The heat is on the prime minister from within his own party to resist U.S. pressure and not utter the words "Palestinian state" in Sunday’s policy speech.

"The expression Palestinian state should not be used," Likud MP Miri Regev said on Thursday, echoing the sentiment of several other members of Netanyahu’s right-wing Likud party.

Netanyahu hopes, however, that his landmark speech will help ease the mounting tension in relations with the United States, Israel’s prime ally.

But he faces a delicate balancing act if he is to avoid infuriating his partners in the governing center-right coalition, which is divided between those who reject a two-state solution, and those, like Defense Minister and Labour Chief Ehud Barak, who support it.

Regev insisted that U.S. President Barack Obama cannot force decisions upon the Israeli government.

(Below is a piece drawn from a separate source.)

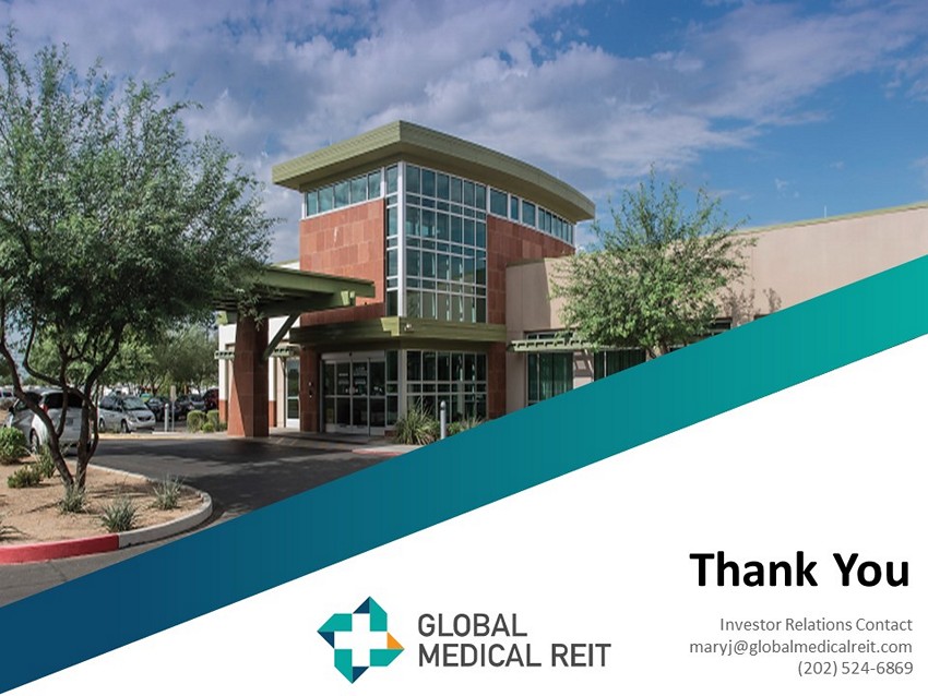 Investor Relations Contact maryj@globalmedicalreit.com (202) 524 - 6869 Thank You

According to the Haaretz newspaper, Netanyahu will announce his government’s adoption of the roadmap and the two-state solution while rejecting a settlement freeze and insisting Palestinians recognize Israel as a Jewish state.

But western diplomats said this would not satisfy Washington.

They said that the U.S. doubts Netanyahu’s awaited speech will satisfy Obama’s peacemaking demands.

Briefing their counterparts in the Quartet of Middle East mediators after talks with Netanyahu, U.S. officials voiced skepticism he would make the clear, far-reaching and tangible commitments on settlements or statehood that Obama has sought, participants said on condition of anonymity.

"The Americans are not satisfied with what they have been told," a senior Western diplomat said.

Israeli officials said Netanyahu had not finalized his speech but it would focus on the road map, which envisages creation of a Palestinian state alongside Israel. They said he would urge Arab countries to talk peace with Israel.

A senior Western diplomat said Netanyahu was likely to stop short of backing the creation of a state and promise instead to work towards a vague goal of Palestinian self-government.

To sidestep the issue, Netanyahu could implicitly accept a two-state solution by stressing his government’s acceptance of the road map as part of its pledge to honor diplomatic agreements signed by previous Israeli administrations.